(Your task): Instruction for the entries below: return the part that opens with the line containing "- 2 IN 1 NEW" and closes with the line containing "志愿者们身着统一志愿马甲,精", exactly, and no pictures.

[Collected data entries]

[Start of Attachment]

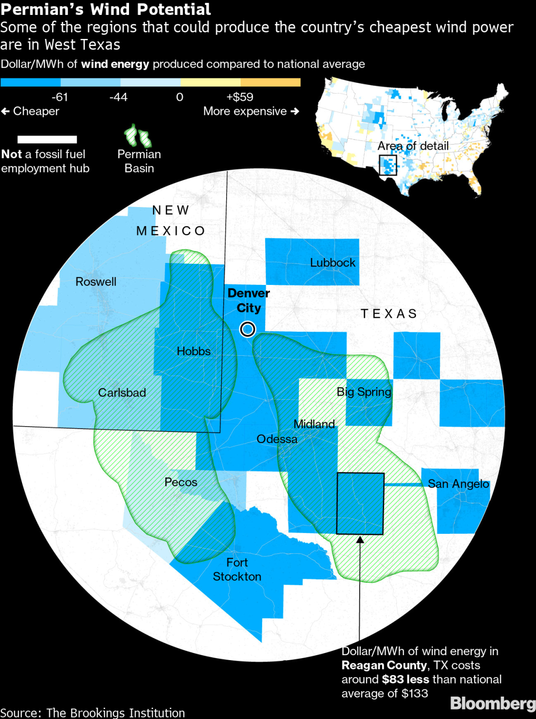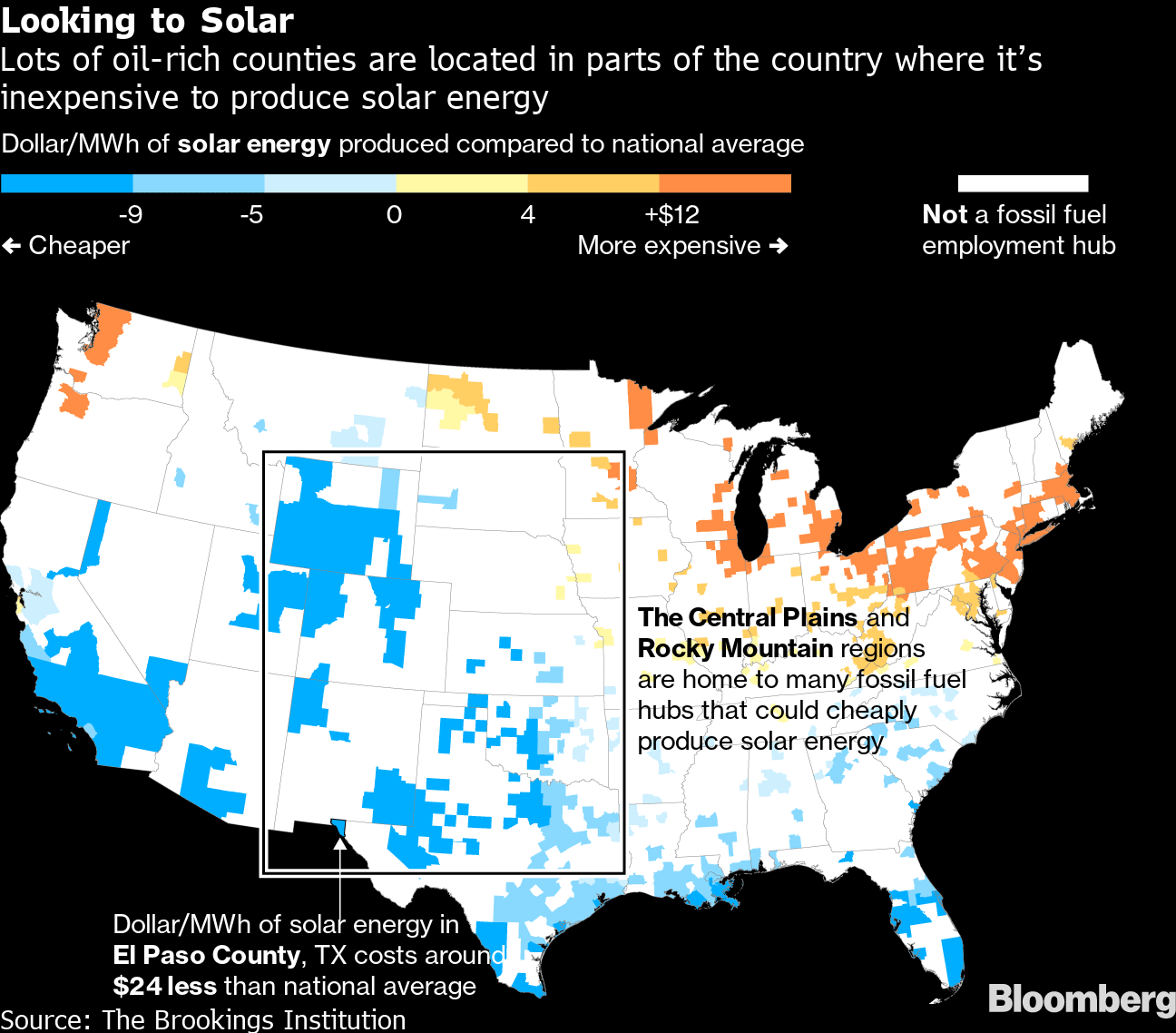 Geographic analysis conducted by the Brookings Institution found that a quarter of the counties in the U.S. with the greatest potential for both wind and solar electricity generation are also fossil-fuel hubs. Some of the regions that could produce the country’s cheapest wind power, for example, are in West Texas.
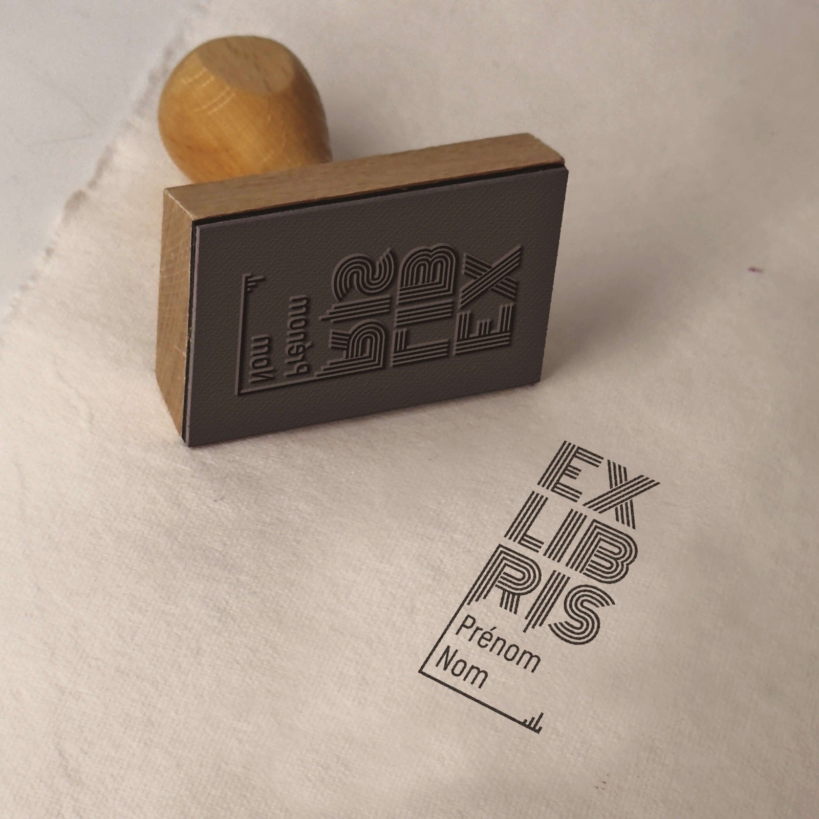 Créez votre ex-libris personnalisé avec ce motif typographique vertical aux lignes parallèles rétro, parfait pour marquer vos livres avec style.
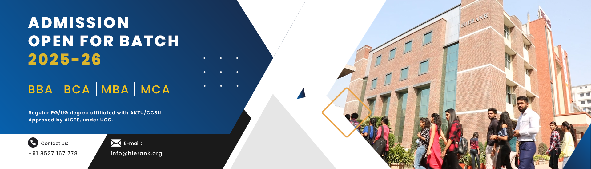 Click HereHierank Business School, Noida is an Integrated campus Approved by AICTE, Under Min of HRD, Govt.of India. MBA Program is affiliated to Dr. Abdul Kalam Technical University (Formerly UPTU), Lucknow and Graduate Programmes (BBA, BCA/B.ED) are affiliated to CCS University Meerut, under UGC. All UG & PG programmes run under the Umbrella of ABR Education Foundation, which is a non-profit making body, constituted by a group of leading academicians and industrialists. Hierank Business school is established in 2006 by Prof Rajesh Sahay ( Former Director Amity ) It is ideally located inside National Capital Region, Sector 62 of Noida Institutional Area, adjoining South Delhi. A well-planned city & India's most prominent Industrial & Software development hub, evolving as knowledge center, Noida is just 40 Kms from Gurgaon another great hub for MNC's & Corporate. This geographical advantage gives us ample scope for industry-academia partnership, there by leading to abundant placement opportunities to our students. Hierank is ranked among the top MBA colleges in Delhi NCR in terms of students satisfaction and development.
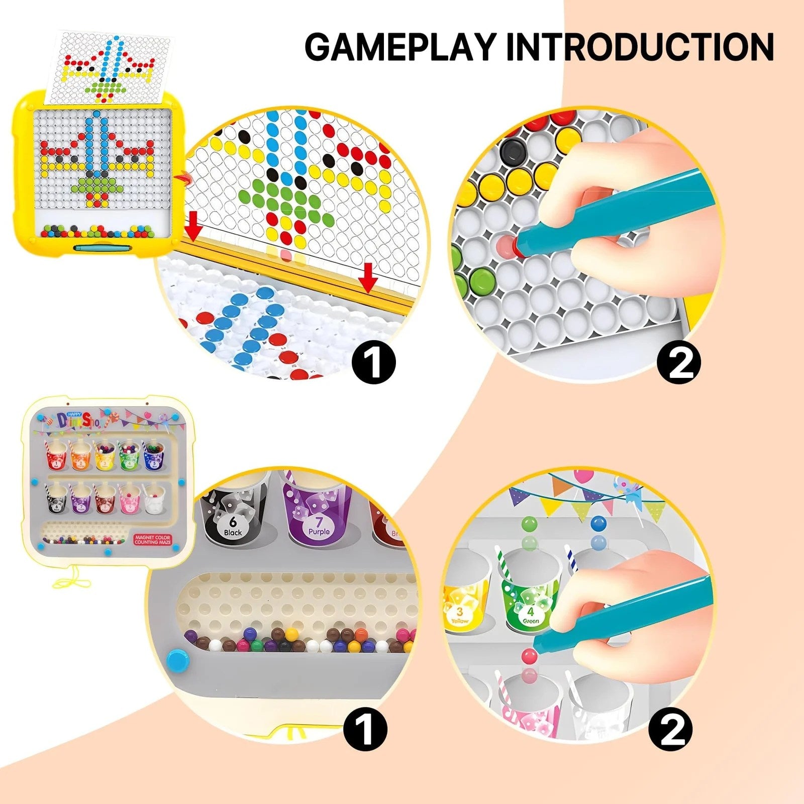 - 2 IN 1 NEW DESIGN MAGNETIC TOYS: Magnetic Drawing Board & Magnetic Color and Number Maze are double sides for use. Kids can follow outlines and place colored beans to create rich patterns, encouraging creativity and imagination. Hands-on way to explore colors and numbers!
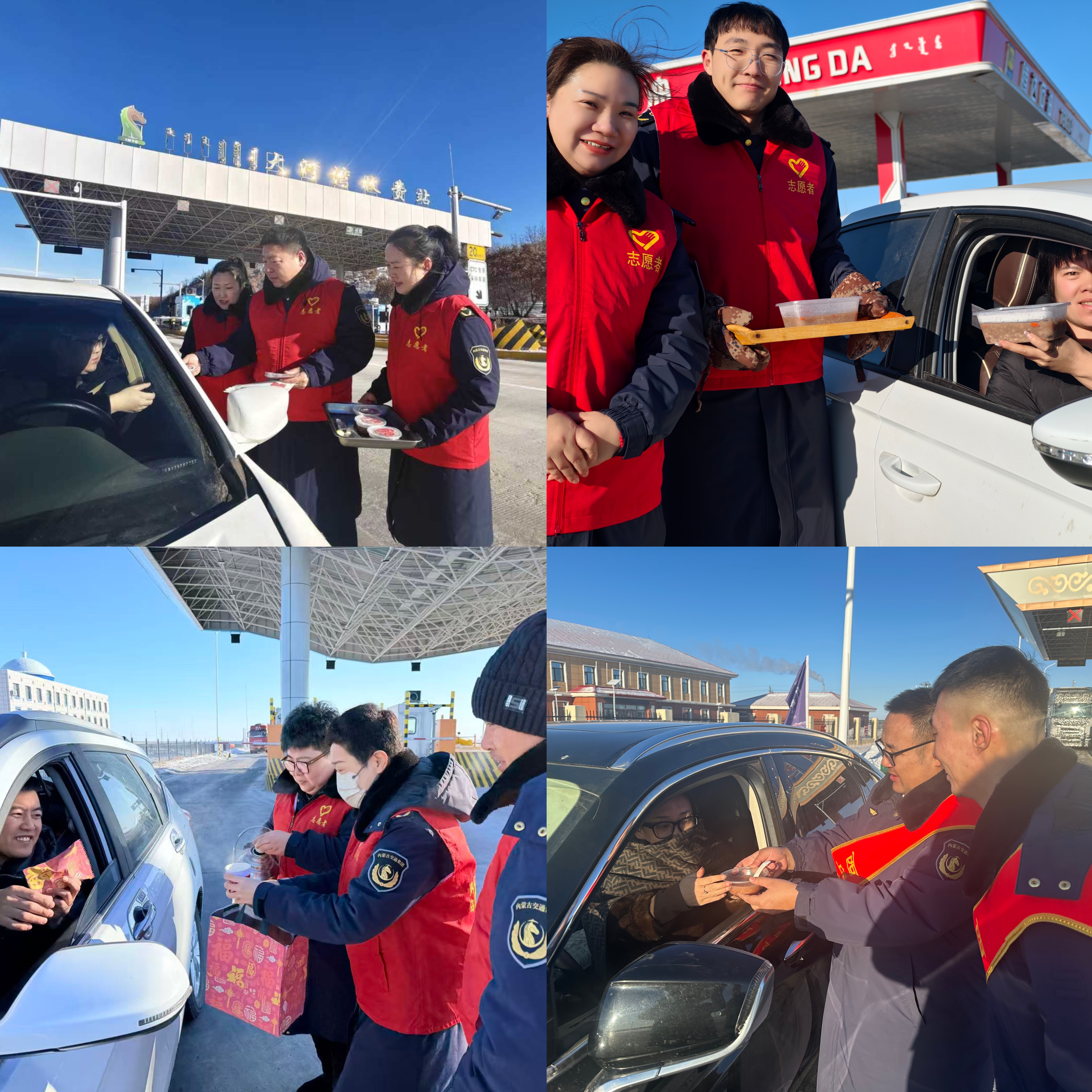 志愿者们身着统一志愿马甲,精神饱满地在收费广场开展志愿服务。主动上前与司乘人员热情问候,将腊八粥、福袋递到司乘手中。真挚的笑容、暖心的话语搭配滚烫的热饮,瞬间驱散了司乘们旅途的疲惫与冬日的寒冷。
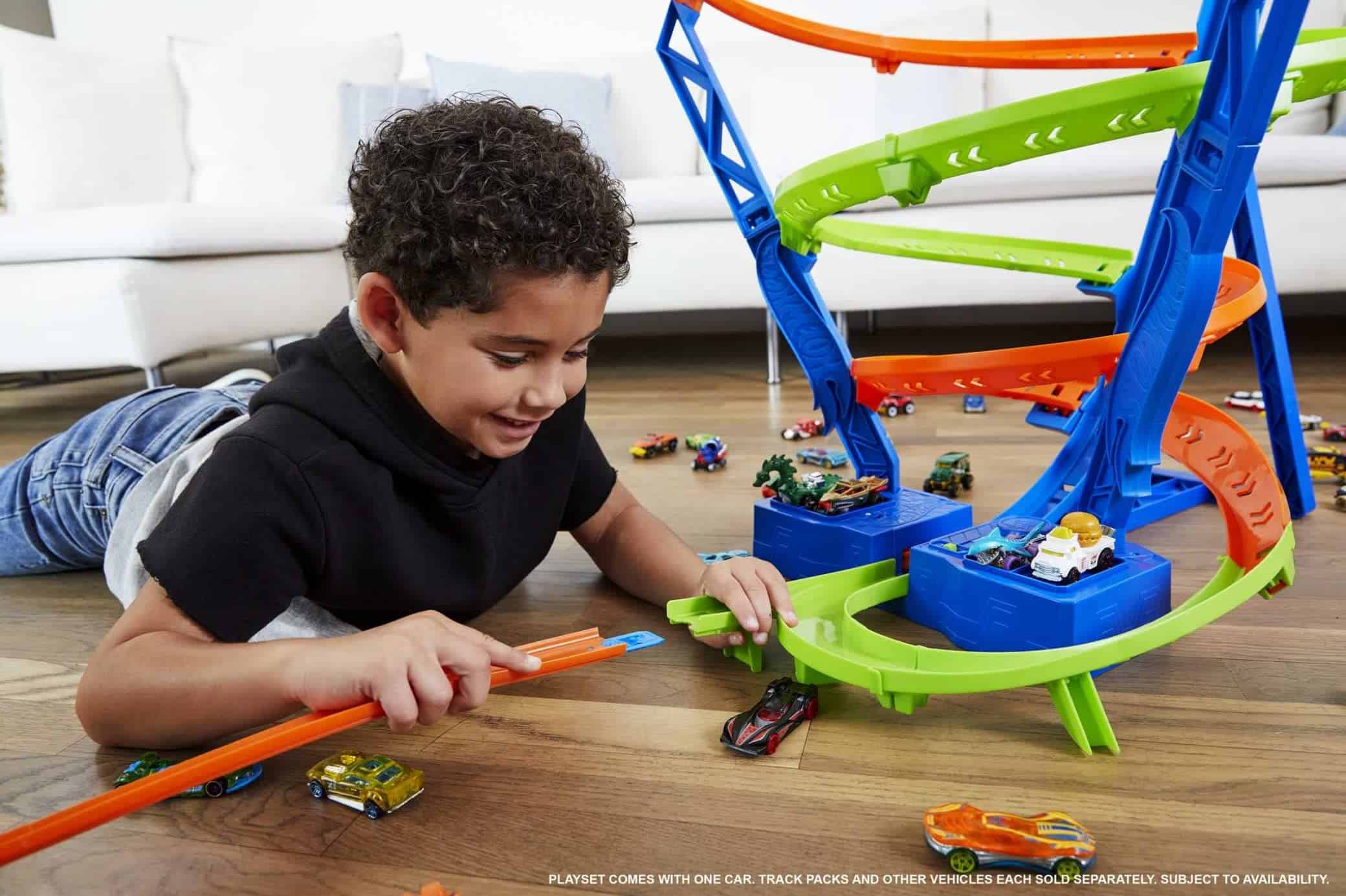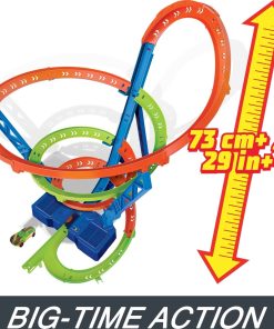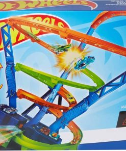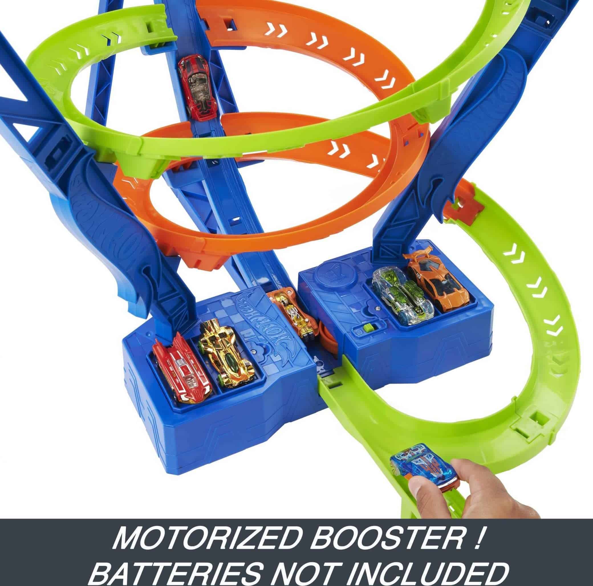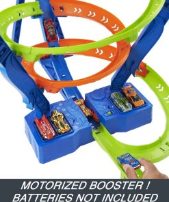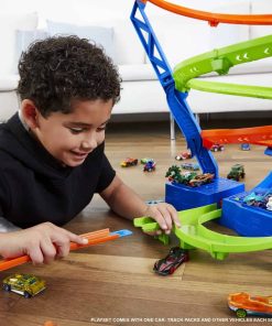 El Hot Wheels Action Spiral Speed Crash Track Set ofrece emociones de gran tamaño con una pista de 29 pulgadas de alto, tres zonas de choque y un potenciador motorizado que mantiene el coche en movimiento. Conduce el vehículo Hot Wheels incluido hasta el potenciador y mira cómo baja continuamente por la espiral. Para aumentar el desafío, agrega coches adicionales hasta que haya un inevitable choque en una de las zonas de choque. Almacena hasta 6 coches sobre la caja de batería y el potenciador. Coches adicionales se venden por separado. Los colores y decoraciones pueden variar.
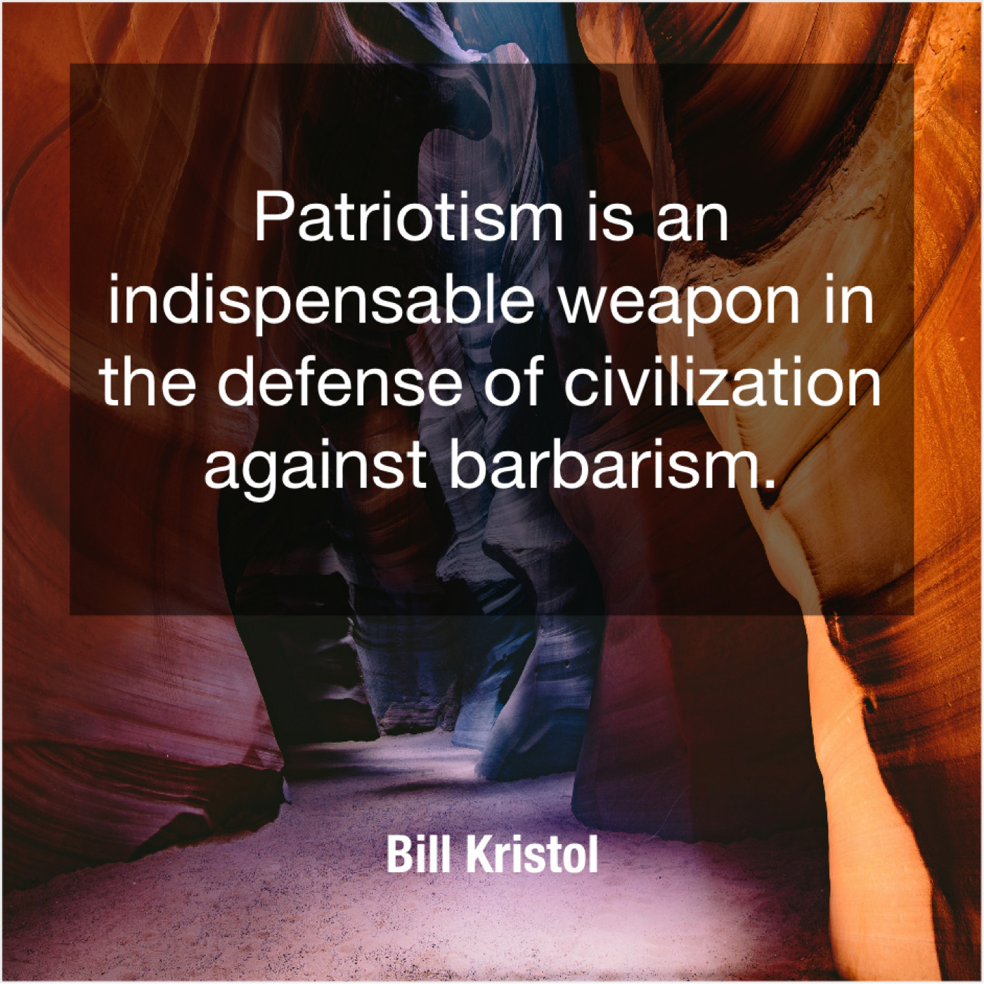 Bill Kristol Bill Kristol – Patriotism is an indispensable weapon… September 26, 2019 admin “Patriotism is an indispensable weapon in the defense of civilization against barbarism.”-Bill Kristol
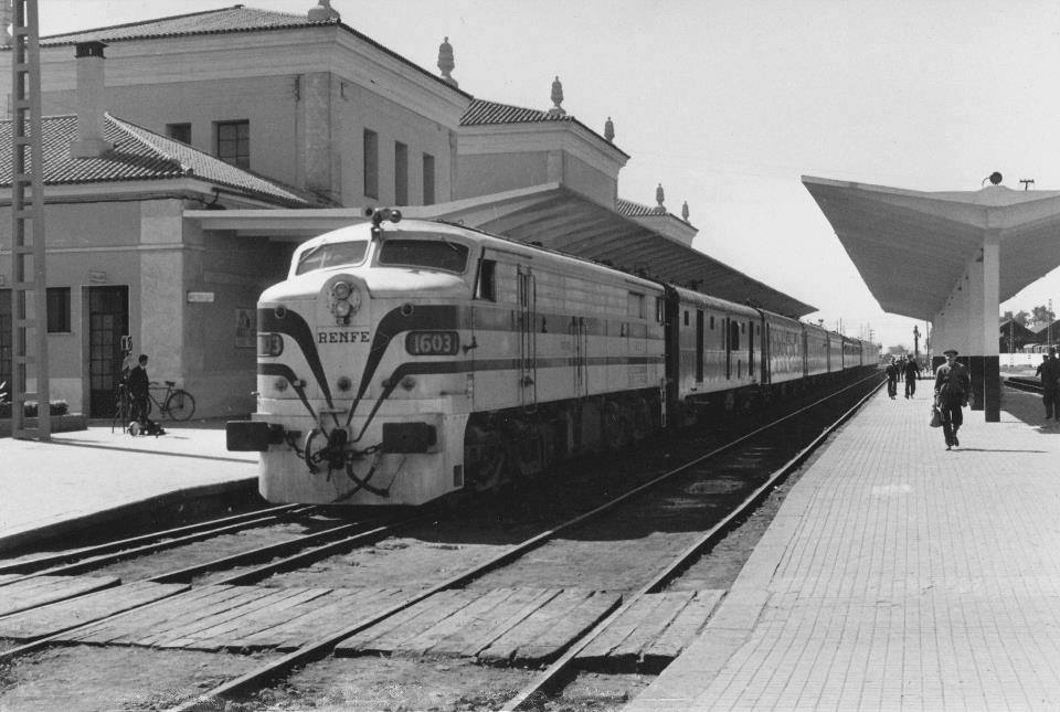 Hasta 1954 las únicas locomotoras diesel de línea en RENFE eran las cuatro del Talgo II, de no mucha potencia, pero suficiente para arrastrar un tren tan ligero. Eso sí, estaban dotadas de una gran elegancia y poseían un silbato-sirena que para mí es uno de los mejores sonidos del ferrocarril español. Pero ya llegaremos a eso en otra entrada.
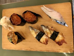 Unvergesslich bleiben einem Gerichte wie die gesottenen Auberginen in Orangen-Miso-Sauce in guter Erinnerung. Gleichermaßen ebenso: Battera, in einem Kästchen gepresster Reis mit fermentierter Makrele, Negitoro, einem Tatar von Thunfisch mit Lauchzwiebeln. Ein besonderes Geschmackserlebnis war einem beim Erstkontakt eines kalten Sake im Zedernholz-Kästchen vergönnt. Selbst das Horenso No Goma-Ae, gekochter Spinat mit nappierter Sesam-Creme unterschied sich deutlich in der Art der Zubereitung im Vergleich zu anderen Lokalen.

[End of Attachment]

(Answer space):
 - 2 IN 1 NEW DESIGN MAGNETIC TOYS: Magnetic Drawing Board & Magnetic Color and Number Maze are double sides for use. Kids can follow outlines and place colored beans to create rich patterns, encouraging creativity and imagination. Hands-on way to explore colors and numbers!
 志愿者们身着统一志愿马甲,精神饱满地在收费广场开展志愿服务。主动上前与司乘人员热情问候,将腊八粥、福袋递到司乘手中。真挚的笑容、暖心的话语搭配滚烫的热饮,瞬间驱散了司乘们旅途的疲惫与冬日的寒冷。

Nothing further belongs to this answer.